Back in the hospital gym at Bankstown, Peter Connelly, 55, of Campbelltown, is using the stepping tiles to learn to walk again. His left leg was amputated above the knee in November because of complications from a blood clot and he recently started wearing a prosthesis.

He has migrated from crutches to a pair of walking sticks – the tiles are part of a suite of rehab activities designed to teach him to use his prosthetic leg safely and effectively. The tiles count the repetitions of his steps, and show how his weight is distributed, while a therapist advises on his technique.

“The hard thing for people with a stump is that they get no information as to where they are in space,” says Schurr. “What Peter’s learning to do is to get his weight on to that [amputated] leg and on to the forefoot … he’s got to learn to trust that prosthesis, which is a real leap of faith.”

Schurr, who has been a physiotherapist for 30 years, says the next decade will be one of exciting progress for rehabilitation as researchers and designers work with health professionals to produce equipment that is cheap and readily available.

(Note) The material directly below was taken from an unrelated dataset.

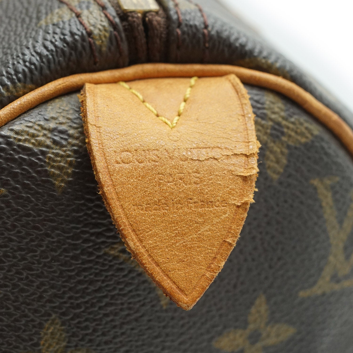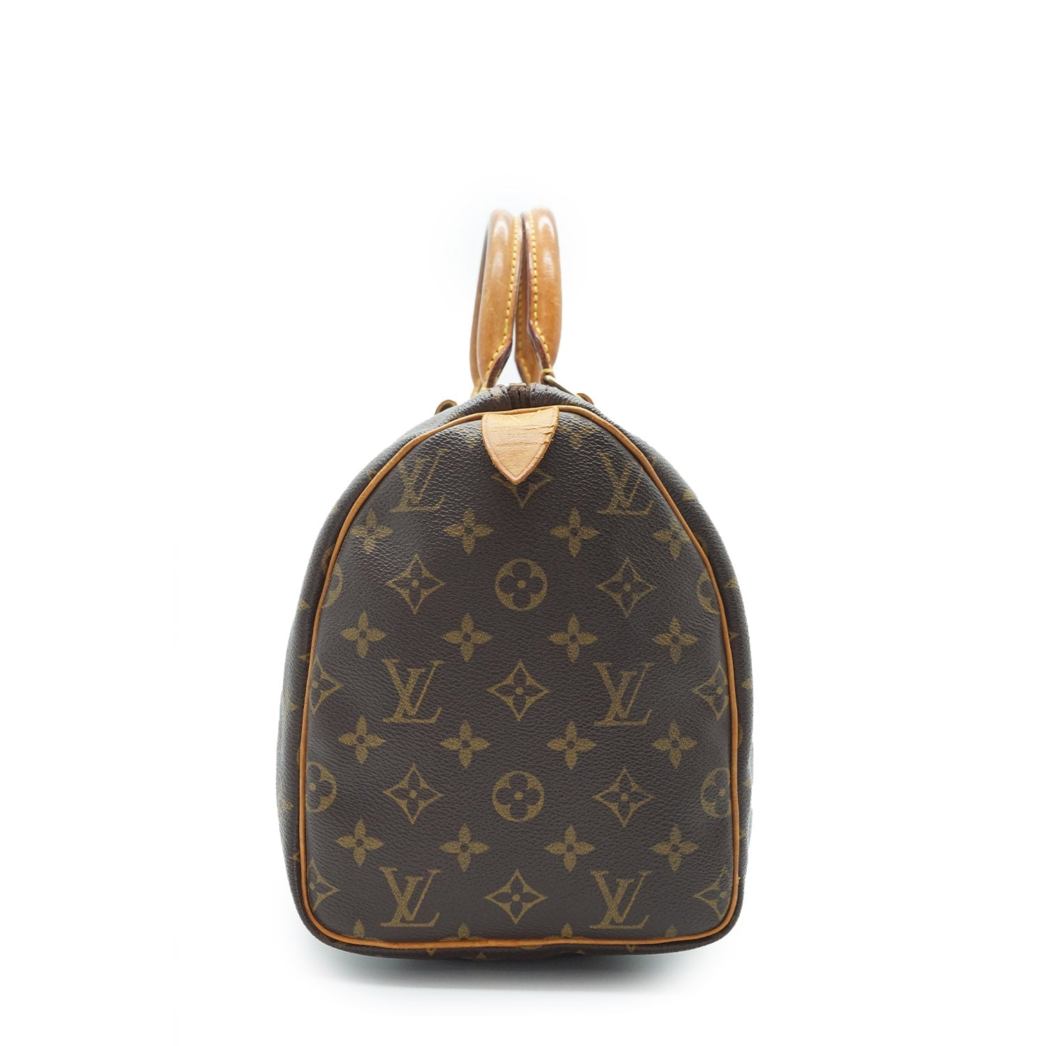 Monogram Speedy 30 Brown Canvas, LeatherDepth: 16.5cmHeight: 21cmWidth: 30.5cmHand Drop: 11.5cmOutside Rank: BInside Rank: BStain: Some water stains on the leather parts (top handle)Discoloration: Some hardware tarnish and discoloration on the leather parts (top handle)Scratch: Some scratches on the leather parts (top handle)Peeling: Some leather cracking overall, with the zipper pull slightly looseWorn: Some signs of wear on the leather parts and hardwareOdor: No odor presentInclude: Padlock, 2 keysComments: The logo stamp is slightly fadingSerial code: TH0072SKU: 7030168

He also anticipates technology allowing stroke survivors to communicate with one another, via rehab apps, for example.

“I’ve worked with people with stroke for a long, long time but I still don’t know what’s like to have a stroke. Other stroke survivors do … there’s this real community of people out there … working very hard [at their rehab].

“Stroke survivors could have an app on their phone and talk to one another about how their practice is going and show people how they’re changing over time.”

Dr Bongers and his team are collaborating with technology company Snepo to reprogram the stepping tiles’ software as a smartphone or tablet app. The design of the tiles is also being refined for easy manufacturing in low volumes.